Cynicism kicked in pretty quickly about Apple caring less about the environment than cutting costs, upping profits and steering people towards their obscenely expensive wireless earphones and freshly announced wireless chargers. We’re all for a bit of cynicism here, always on the lookout for a bit of corporate greenwashing, and certainly it seems unlikely Apple will weep over the materials, shipping and emissions they get through every time someone chokes up £250 for a pair of AirPods.

But what’s more interesting to me, as both a cynical bastard and insufferable do-gooder, was that most complaints were about Apple stiffing them on chargers and earphones, with threats to boycott in favour of manufacturers still dishing them out. It seemed less about greenwashing and profiteering, and more about how deeply in denial we remain. We fret about the environment and set our bottom lips a-tremblin’ when David Attenborough shows us a mucky bit of sea, but here again we bristle at the slightest inconvenience, the slightest change to our very comfortable lives. Instead of reducing our own carbon emissions and campaigning for the systemic change we need, we’re pissing about with straws and cotton buds, still chugging meat and dairy, still pouring petrol into our cars, still powering our homes with dirty-bad coal, still burning jet fuel to fly from Cirencester to East Cirencester. This is how climate breakdown will happen. This is how we’ll sleepwalk to oblivion.

If we’re going to avert disaster we need to move beyond token gestures, beyond individual changes, beyond Butterflies, certainly beyond congratulating ourselves for our bamboo straws. We need to stop mitigating carbon-spewing industries, and instead have industries change how they operate. Even if it’s greenwashing, even if it’s cynical, even if it’s profiteering, Apple’s still actually doing something. They’re already carbon neutral in their corporate operations. Their offices, stores and data centres are powered by renewable energy. They’re reducing packaging, recycling rare earth elements, beginning to use recycled aluminium enclosures for their laptops and aiming for circular supply chains. And I don’t mean to lick Apple’s dick here: They encourage endless upgrade cycles with incremental improvements, and their partners are just short of sweatshop shitshows. But imagine if every company did things on this scale, if every company reduced waste on this scale, reduced emissions on this scale, aimed for net zero with the urgency this crisis demands. Imagine if we stopped moaning about it if they did.
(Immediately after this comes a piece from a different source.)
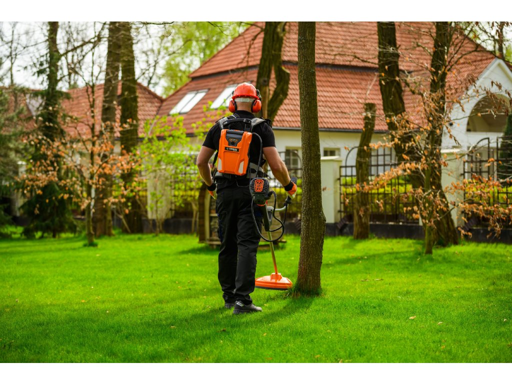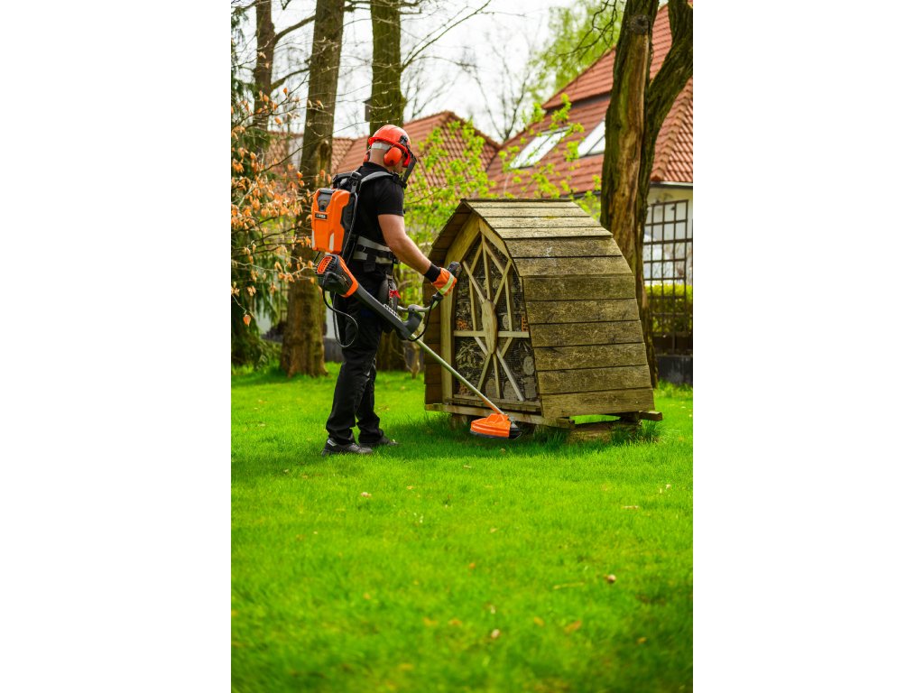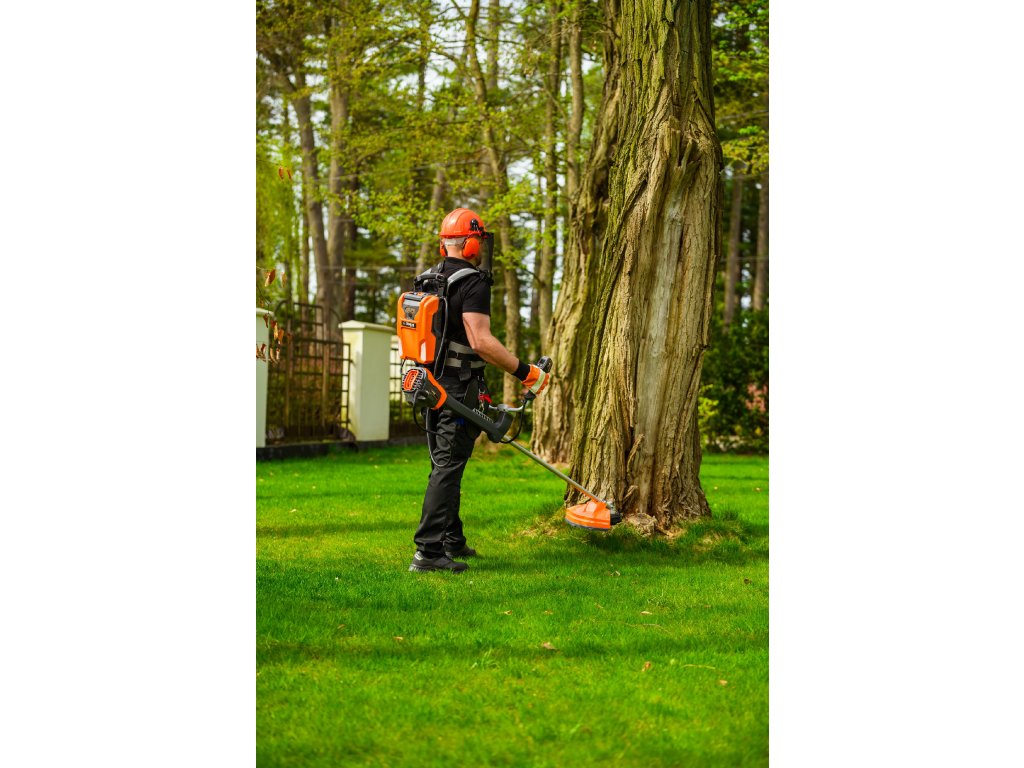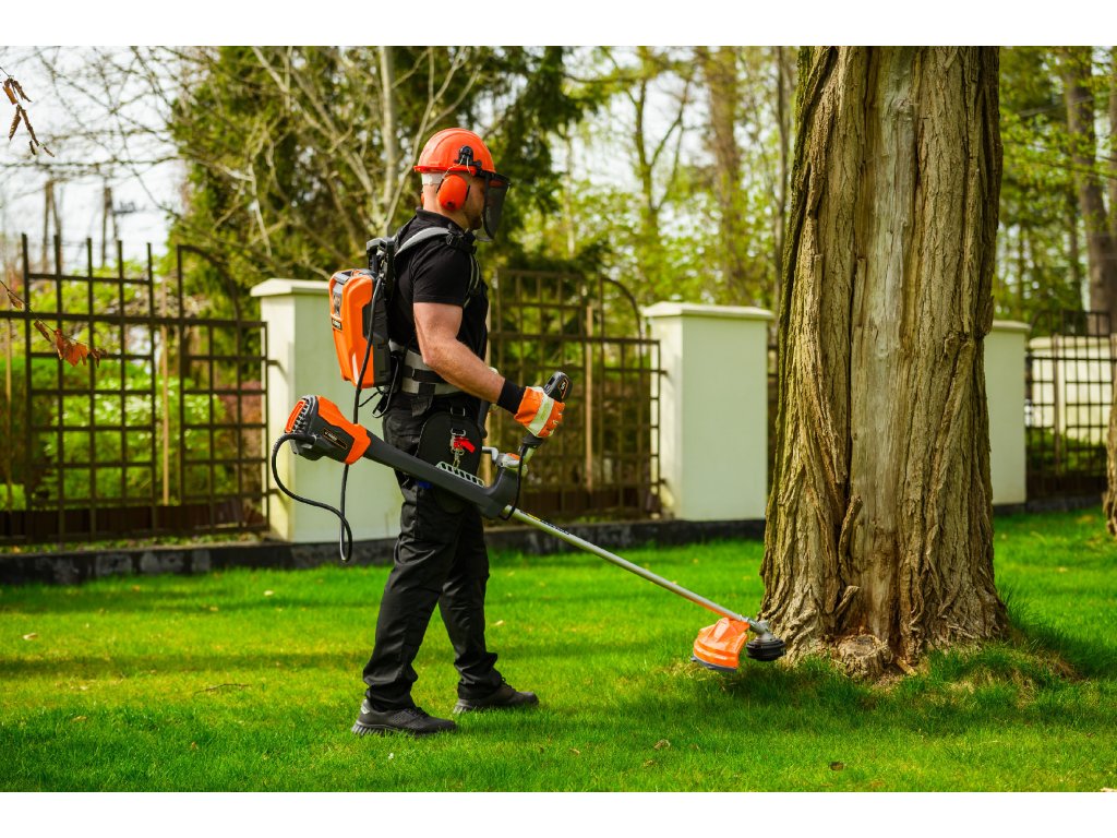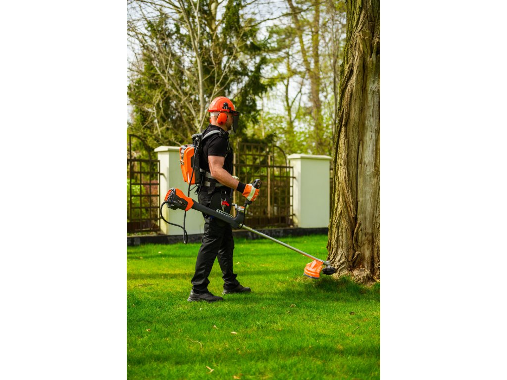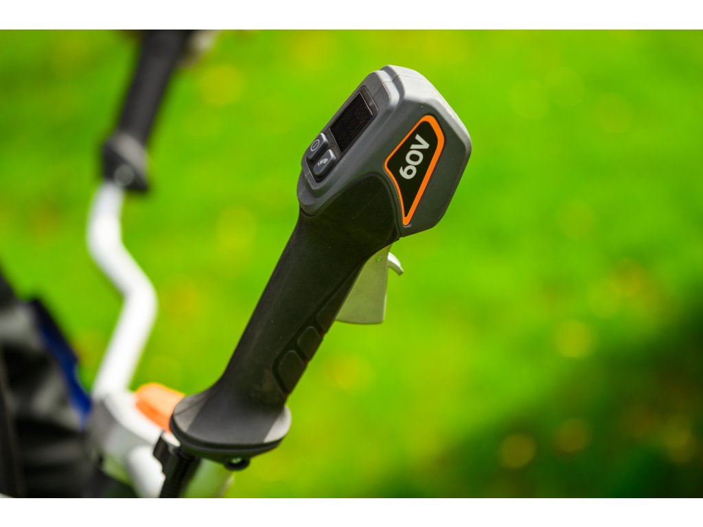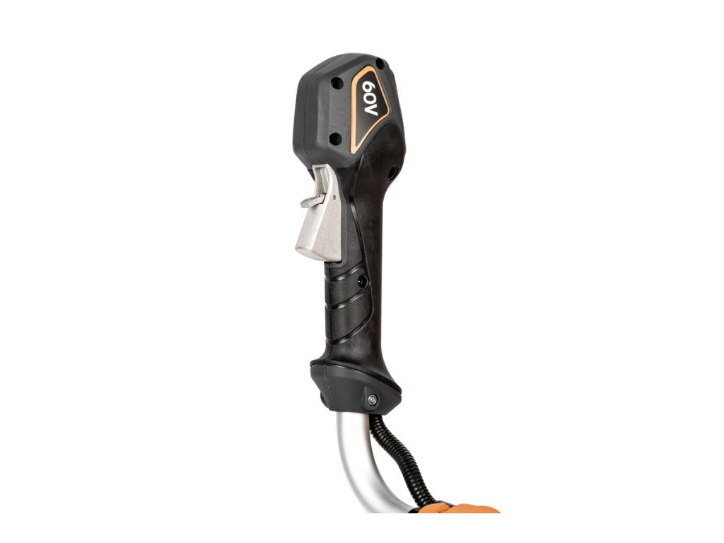 Výkonný akumulátorový krovinorez s bezuhlíkovým motorom 1800 W a napätím 60 V. Vďaka systému napájania Plug-In je ideálny na náročné záhradné práce s maximálnou voľnosťou pohybu.

We will be inconvenienced by the transition to a low-carbon economy. We need to get over it. Reusing headphones and chargers is the teeniest, tiniest, tippiest-toppiest tip of the iceberg. And still, whatever changes are coming, whatever compromises we have to make, whatever inconveniences we have to adjust to, will be nothing against the alternative inconveniences of climate breakdown, the collapse of the species, and the unbearable smugness of Kevin Costner telling us he told us so. If only to avoid the latter disaster we should take the ass-paddling Apple’s giving us and ready our cheeks for others to join them.